To do: Line by line, the data below should be set down unchanged, with images excluded.

Given material:
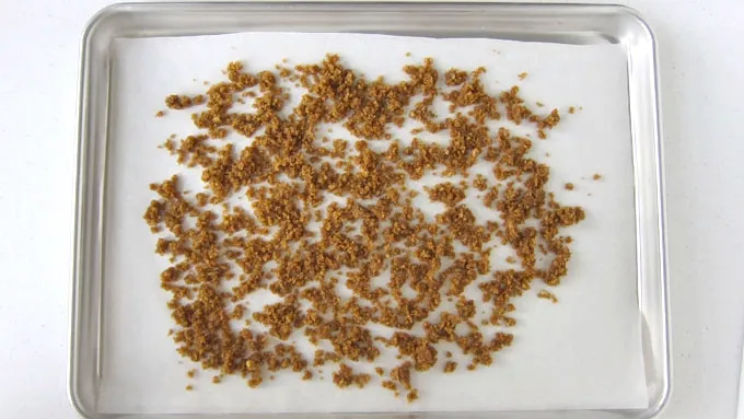 Step4BROWN SUGAR CAKE CRUMBLES: Preheat oven to 350°F. Cut off the domed portion of each cake and crumble the tops into very small pieces. Measure out 3/4 cup crumbs and mix with brown sugar, cinnamon and melted butter. Spread out into a thin layer on a baking sheet. Bake for 10 minutes, then remove and stir. Bake an additional 6-10 minutes until fragrant and deep golden brown. Remove and allow to cool completely.
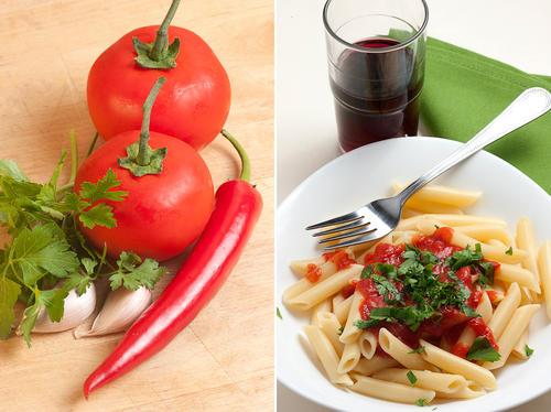ポイントはにんにくを焦がさないように注意すること。弱火でじっくり香りを引き出してみよう。辛いのが好きな人は、唐辛子を種ごと使用してもよい。生のトマトやホールのトマト缶を使う場合は、あらかじめ細かく潰しておくと煮込みやすい。
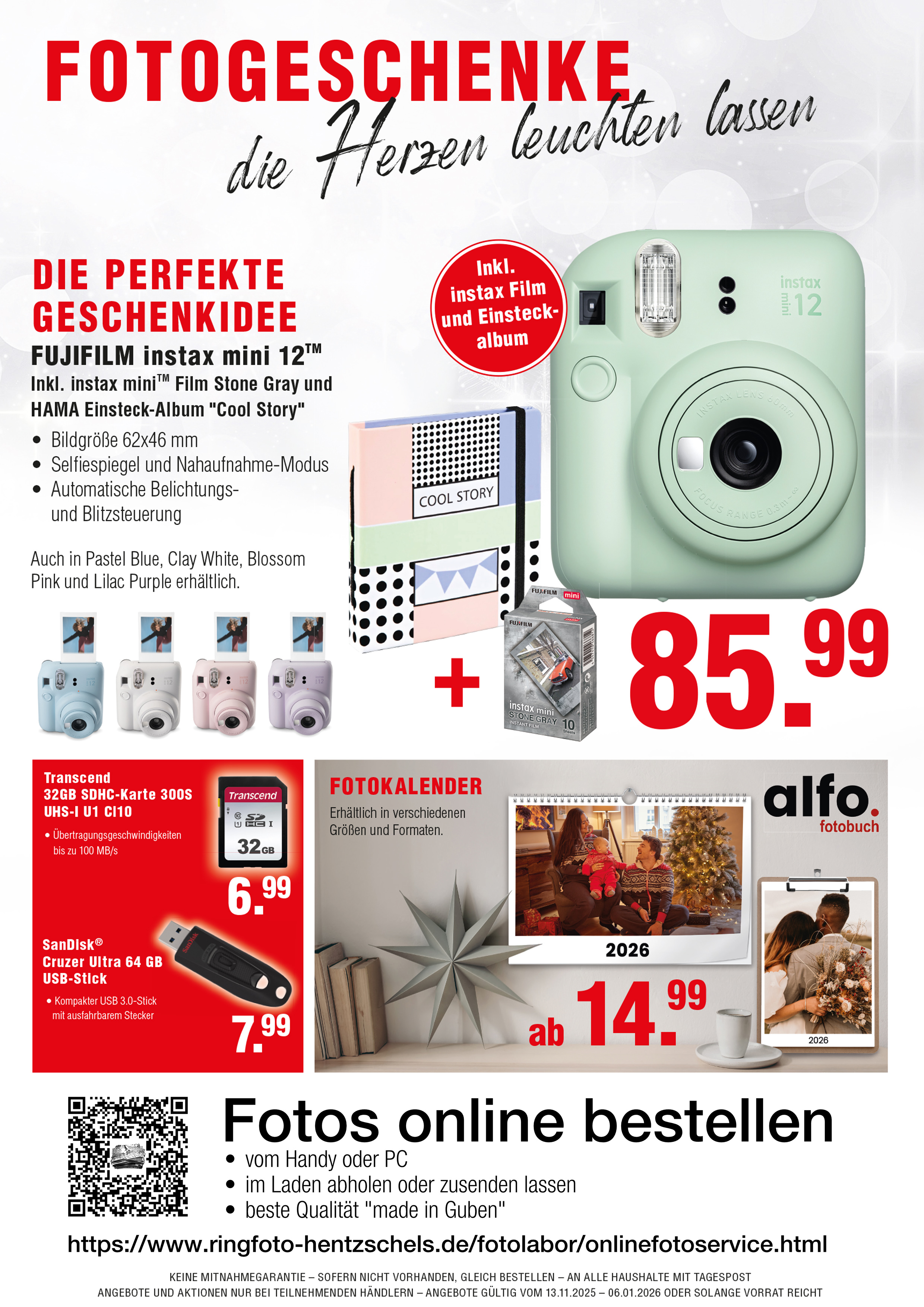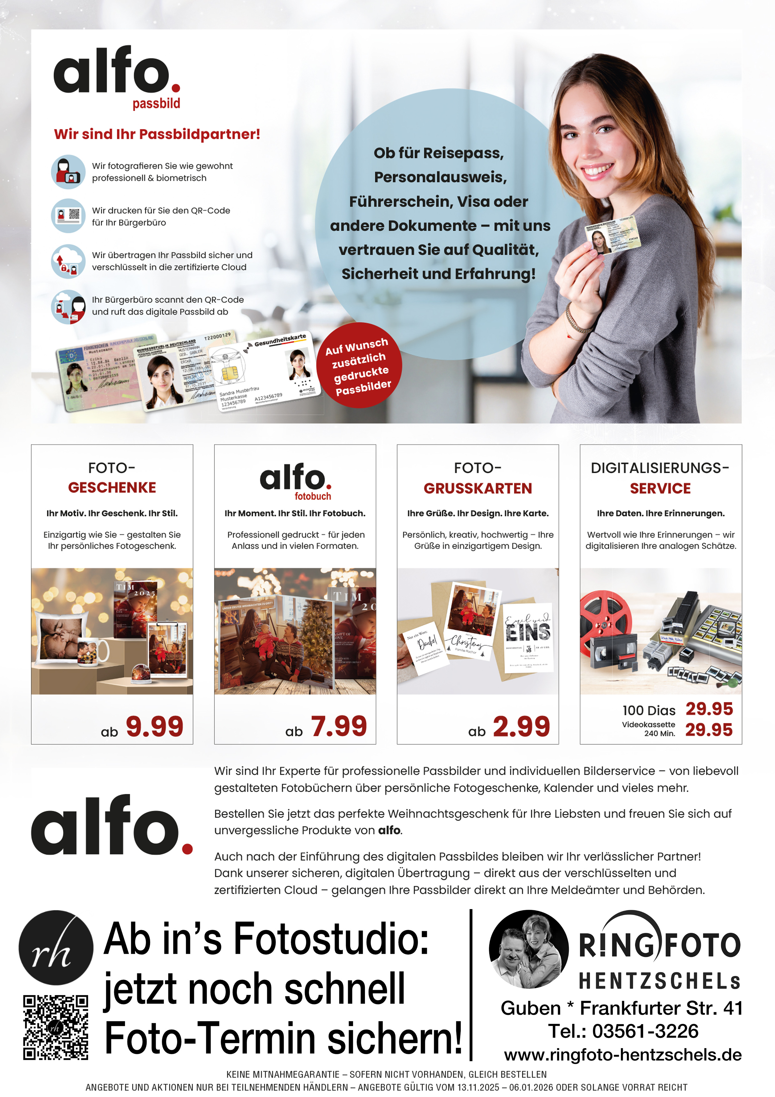 In dieser festlichen Jahreszeit möchten wir Ihre schönsten Erinnerungen zum Strahlen bringen. Alle Fotogeschenke und Drucke – von hochwertigen Fotoabzügen über großformatige XXL-Poster bis hin zu beeindruckenden Fotogeschenken – produzieren wir mit viel Sorgfalt selbst in unserem Ladengeschaft in Guben. In unserem Fotostudio entstehen auf Wunsch zauberhafte Portraits für Familie, Freunde oder als ganz persönliches Geschenk.

Response area:
 Step4BROWN SUGAR CAKE CRUMBLES: Preheat oven to 350°F. Cut off the domed portion of each cake and crumble the tops into very small pieces. Measure out 3/4 cup crumbs and mix with brown sugar, cinnamon and melted butter. Spread out into a thin layer on a baking sheet. Bake for 10 minutes, then remove and stir. Bake an additional 6-10 minutes until fragrant and deep golden brown. Remove and allow to cool completely.
ポイントはにんにくを焦がさないように注意すること。弱火でじっくり香りを引き出してみよう。辛いのが好きな人は、唐辛子を種ごと使用してもよい。生のトマトやホールのトマト缶を使う場合は、あらかじめ細かく潰しておくと煮込みやすい。
 In dieser festlichen Jahreszeit möchten wir Ihre schönsten Erinnerungen zum Strahlen bringen. Alle Fotogeschenke und Drucke – von hochwertigen Fotoabzügen über großformatige XXL-Poster bis hin zu beeindruckenden Fotogeschenken – produzieren wir mit viel Sorgfalt selbst in unserem Ladengeschaft in Guben. In unserem Fotostudio entstehen auf Wunsch zauberhafte Portraits für Familie, Freunde oder als ganz persönliches Geschenk.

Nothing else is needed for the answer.